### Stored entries

•••

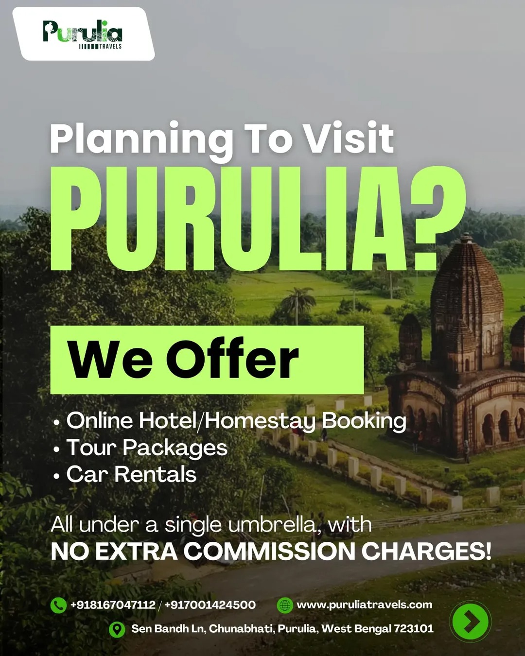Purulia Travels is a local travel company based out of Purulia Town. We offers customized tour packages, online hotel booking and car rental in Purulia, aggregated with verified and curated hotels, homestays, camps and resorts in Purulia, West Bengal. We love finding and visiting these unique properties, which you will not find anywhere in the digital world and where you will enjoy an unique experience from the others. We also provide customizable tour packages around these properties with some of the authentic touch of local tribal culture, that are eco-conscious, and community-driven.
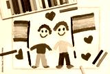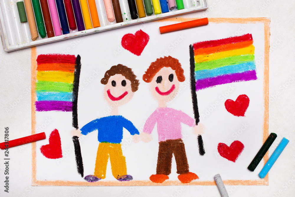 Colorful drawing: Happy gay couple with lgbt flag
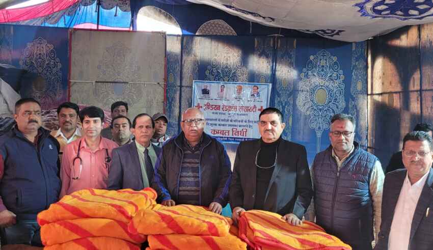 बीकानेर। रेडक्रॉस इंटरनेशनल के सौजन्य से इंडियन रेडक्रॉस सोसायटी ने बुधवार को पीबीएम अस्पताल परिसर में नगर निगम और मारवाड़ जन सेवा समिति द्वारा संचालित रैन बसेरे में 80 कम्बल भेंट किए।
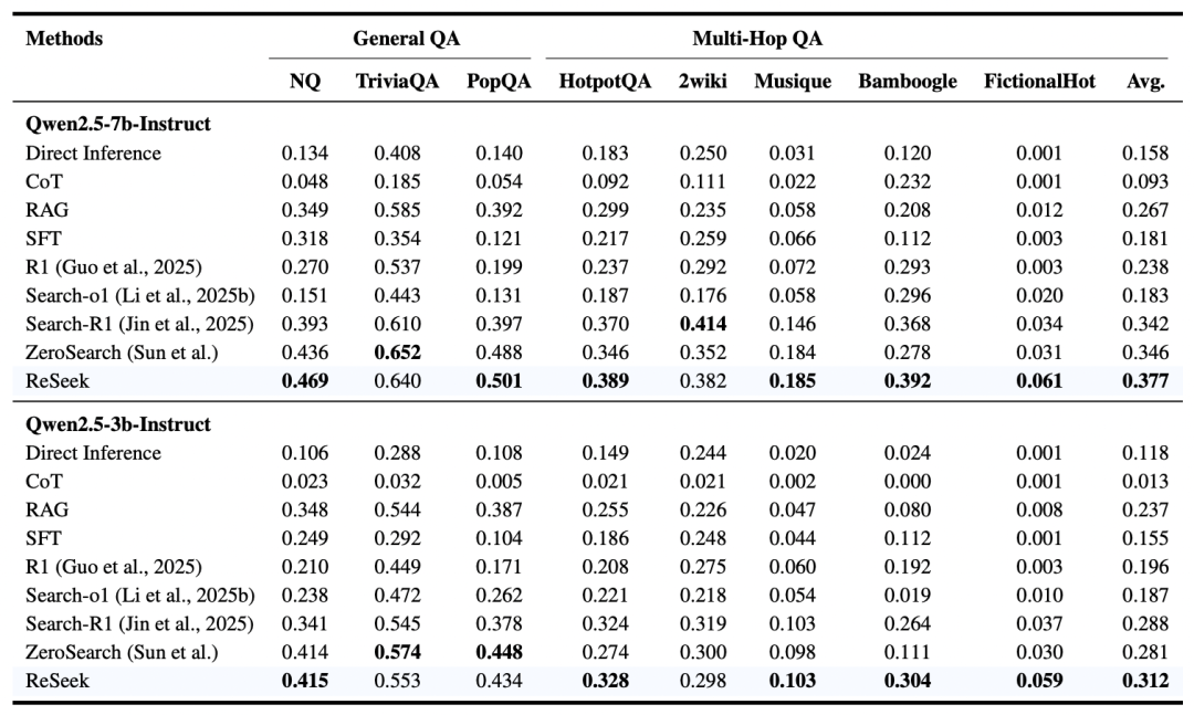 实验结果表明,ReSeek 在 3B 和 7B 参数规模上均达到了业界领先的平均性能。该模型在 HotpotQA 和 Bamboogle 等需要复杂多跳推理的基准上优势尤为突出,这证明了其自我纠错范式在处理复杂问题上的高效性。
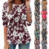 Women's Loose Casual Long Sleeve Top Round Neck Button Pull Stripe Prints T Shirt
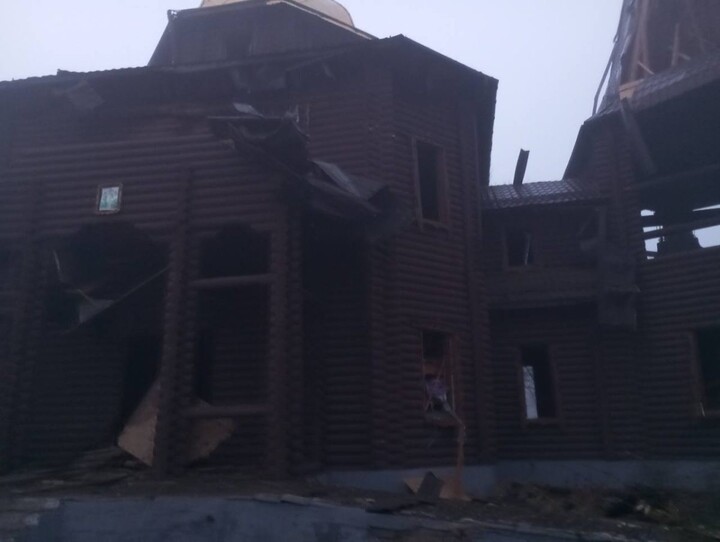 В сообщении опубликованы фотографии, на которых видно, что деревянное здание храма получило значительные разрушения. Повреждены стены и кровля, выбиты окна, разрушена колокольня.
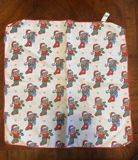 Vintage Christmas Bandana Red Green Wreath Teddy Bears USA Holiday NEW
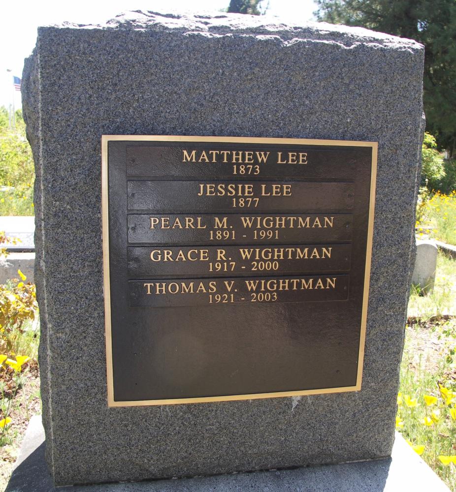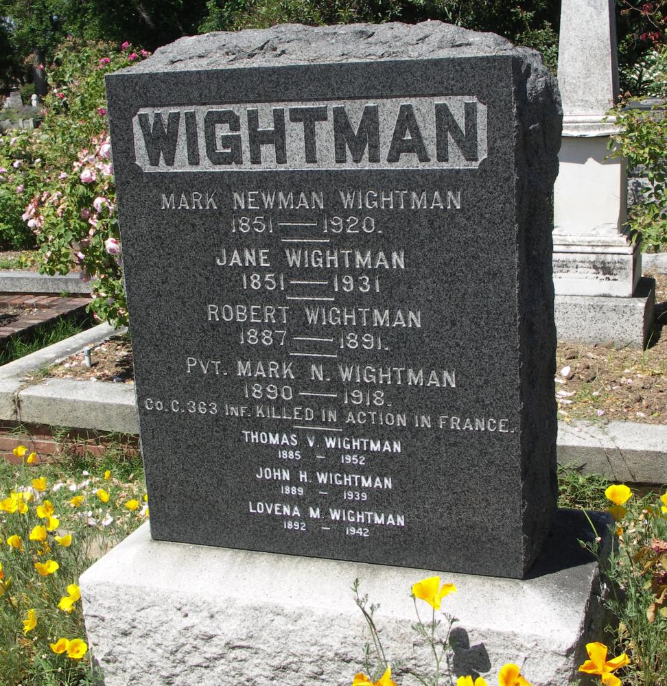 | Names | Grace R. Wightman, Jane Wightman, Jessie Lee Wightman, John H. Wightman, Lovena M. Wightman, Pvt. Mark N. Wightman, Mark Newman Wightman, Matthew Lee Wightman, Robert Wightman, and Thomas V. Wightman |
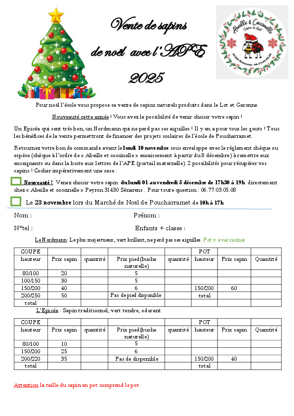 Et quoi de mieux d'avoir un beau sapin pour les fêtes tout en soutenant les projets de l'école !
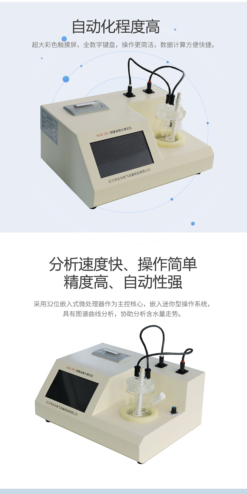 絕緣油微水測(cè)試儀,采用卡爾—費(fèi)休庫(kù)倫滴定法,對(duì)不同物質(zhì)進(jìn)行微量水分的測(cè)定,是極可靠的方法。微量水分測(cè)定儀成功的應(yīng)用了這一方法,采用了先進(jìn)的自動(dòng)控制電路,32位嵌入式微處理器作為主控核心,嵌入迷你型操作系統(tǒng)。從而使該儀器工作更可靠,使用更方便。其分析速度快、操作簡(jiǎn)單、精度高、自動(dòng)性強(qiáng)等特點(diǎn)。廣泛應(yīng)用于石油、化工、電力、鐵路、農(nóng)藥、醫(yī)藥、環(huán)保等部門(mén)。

•••

Set down every line above exactly, pictures excluded.

Purulia Travels is a local travel company based out of Purulia Town. We offers customized tour packages, online hotel booking and car rental in Purulia, aggregated with verified and curated hotels, homestays, camps and resorts in Purulia, West Bengal. We love finding and visiting these unique properties, which you will not find anywhere in the digital world and where you will enjoy an unique experience from the others. We also provide customizable tour packages around these properties with some of the authentic touch of local tribal culture, that are eco-conscious, and community-driven.
 Colorful drawing: Happy gay couple with lgbt flag
 बीकानेर। रेडक्रॉस इंटरनेशनल के सौजन्य से इंडियन रेडक्रॉस सोसायटी ने बुधवार को पीबीएम अस्पताल परिसर में नगर निगम और मारवाड़ जन सेवा समिति द्वारा संचालित रैन बसेरे में 80 कम्बल भेंट किए।
 实验结果表明,ReSeek 在 3B 和 7B 参数规模上均达到了业界领先的平均性能。该模型在 HotpotQA 和 Bamboogle 等需要复杂多跳推理的基准上优势尤为突出,这证明了其自我纠错范式在处理复杂问题上的高效性。
 Women's Loose Casual Long Sleeve Top Round Neck Button Pull Stripe Prints T Shirt
 В сообщении опубликованы фотографии, на которых видно, что деревянное здание храма получило значительные разрушения. Повреждены стены и кровля, выбиты окна, разрушена колокольня.
 Vintage Christmas Bandana Red Green Wreath Teddy Bears USA Holiday NEW
 | Names | Grace R. Wightman, Jane Wightman, Jessie Lee Wightman, John H. Wightman, Lovena M. Wightman, Pvt. Mark N. Wightman, Mark Newman Wightman, Matthew Lee Wightman, Robert Wightman, and Thomas V. Wightman |
 Et quoi de mieux d'avoir un beau sapin pour les fêtes tout en soutenant les projets de l'école !
 絕緣油微水測(cè)試儀,采用卡爾—費(fèi)休庫(kù)倫滴定法,對(duì)不同物質(zhì)進(jìn)行微量水分的測(cè)定,是極可靠的方法。微量水分測(cè)定儀成功的應(yīng)用了這一方法,采用了先進(jìn)的自動(dòng)控制電路,32位嵌入式微處理器作為主控核心,嵌入迷你型操作系統(tǒng)。從而使該儀器工作更可靠,使用更方便。其分析速度快、操作簡(jiǎn)單、精度高、自動(dòng)性強(qiáng)等特點(diǎn)。廣泛應(yīng)用于石油、化工、電力、鐵路、農(nóng)藥、醫(yī)藥、環(huán)保等部門(mén)。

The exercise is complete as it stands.